And so the AmE-to-BrE Word of the Year is (you're going to hate this):
FTW
Yes, you are going to hate it. And you will hate it for one or more of the following reactions:
- "WTF does it mean?"
- "That's internet-speak, which is border-crossing by nature. Why should we think of this as inherently AmE?"
- "That's not a word! It's an alphabetism [or initialism]! At best, it's a phrase!"
- "My nomination was so much better."
Let's take these objections one by one:
First, get your mind out of the gutter. The F stands for for. As in For The Win. If I read it aloud, I read it as that phrase, not as the letters. (I'd be interested to hear if anyone does just pronounce the letters for this meaning.) It's usually used as a post-nominal (after a noun) modifier in order to indicate enthusiastic approval of something--especially something that has 'come through' and 'won' for you. Here are some recent tweets that have used it (and while I typed the last sentence, 59 more twitterers used it):
@HarrysSmile
god, love sophia grace and rosie, essex girls ftw!
@tweet_han
Big bang theory FTW!
@sunny_hundal
What I need is a 'Labour Insider' (unhappy SpAd will do) who has same axe to grind & can repeat himself every week. Journalism job FTW!
@LouiseMensch
This made me laugh. tithenai.tumblr.com/post/321518623… Catholics FTW
[Editor's note: it made me laugh too. Go ahead, (BrE) have/(AmE) take a look!)
The first two of these seem to be by young people watching television. The third writes for The Guardian. The last is a Member of Parliament. So, you might not know FTW...but a lot of people do.
Now, its Americanness: Once upon a time there was a television (AmE) game show/(BrE) quiz show called Hollywood Squares. In it, nine entertainers sit in a giant (AmE) tic-tac-toe/(BrE) noughts-and-crosses array, and two contestants try to get Xs and Os into the boxes. During X's turn, for example, Contestant X chooses which square to attempt. The host, Peter Marshall (who hosted it 1966–1981) then asks the (orig./chiefly AmE) celeb a question, and the celeb says funny things and eventually gives an answer. The contestant then has to decide whether to accept the answer or not. If contestant X makes the right choice, then "X takes the square", as Marshall would say. When a contestant chose the square that could give them their three Xs or Os in a row,
The catchphrase then, as catchphrases do, made its way into non-televised discourse. And in the age of the 140-character limit, it's been initiali{s/z}ed. The full version exists too, even in BrE. A young tweeter in Sussex, whom I won't link to because he's both underage and apparently doing something illegal, has just tweeted "VIDEO PIRACY FOR THE WIN".
I see that the (AmE) show/(BrE) programme was back on the air with Tom Bergeron as host 1998-2004, and while I've watched a couple of wins on YouTube now, I've not heard anyone utter the phrase.
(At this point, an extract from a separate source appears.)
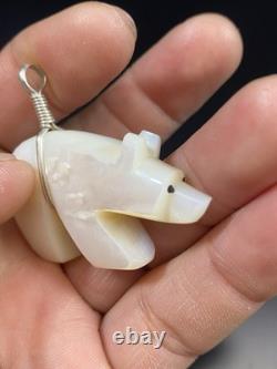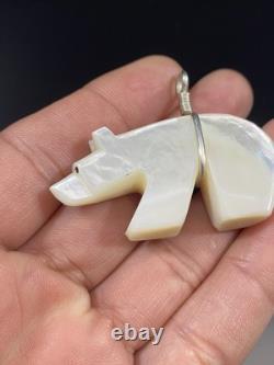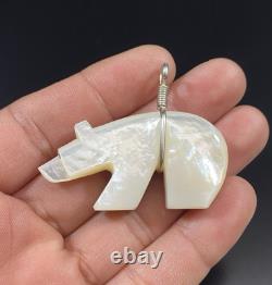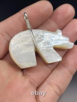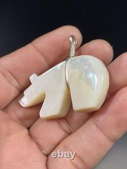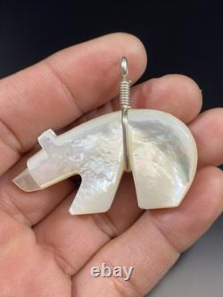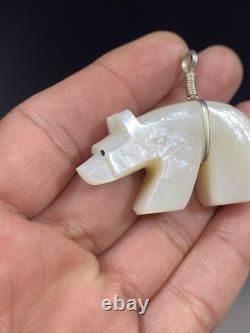 VTG Amérindien Argent Sterling Grand Pendentif Ours Sculpté en MOP (Nacre) Pèse 22,6 Grammes sur ma Balance. Mesure environ 2" x 1" au point le plus large. L'article de ce lot est en état d'usage. Il est ancien, donc présente quelques signes d'usure et de décoloration dus à l'âge et à une utilisation quotidienne.

If the more recent incarnation hasn't breathed new life into the phrase, then would expect that most young Americans have no idea where FTW comes from. (And even if he did say it and it's being repeated on the Game Show Channel, I'd still not be surprised if young Americans have no idea where it came from.) But knowing the origin of an expression is no prerequisite for using it, so young people, British people, and, according to my Twitter research, an awful lot of German people are using it. I'd expect most Americans of my generation (let's just leave it as 'old enough', ok?) to remember it (maybe not immediately. We're old, you know. I mean, 'old enough'.).
On the "that's not a word" argument. Well, that's been going on very loudly about Oxford Dictionaries' WotY, (BrE) squeezed middle. (Here's a peek at the pro and the con.) If we're considering FTW as an alphabetism, then I point you to just about any introduction to linguistics or morphology text that lists word-formation processes of English. If it's attempting any kind of completeness, it will list 'alphabetism' or 'initialism' as a word-formation process. (Here are some examples.) And if it's a word-formation process, then, well, you know...it must form words.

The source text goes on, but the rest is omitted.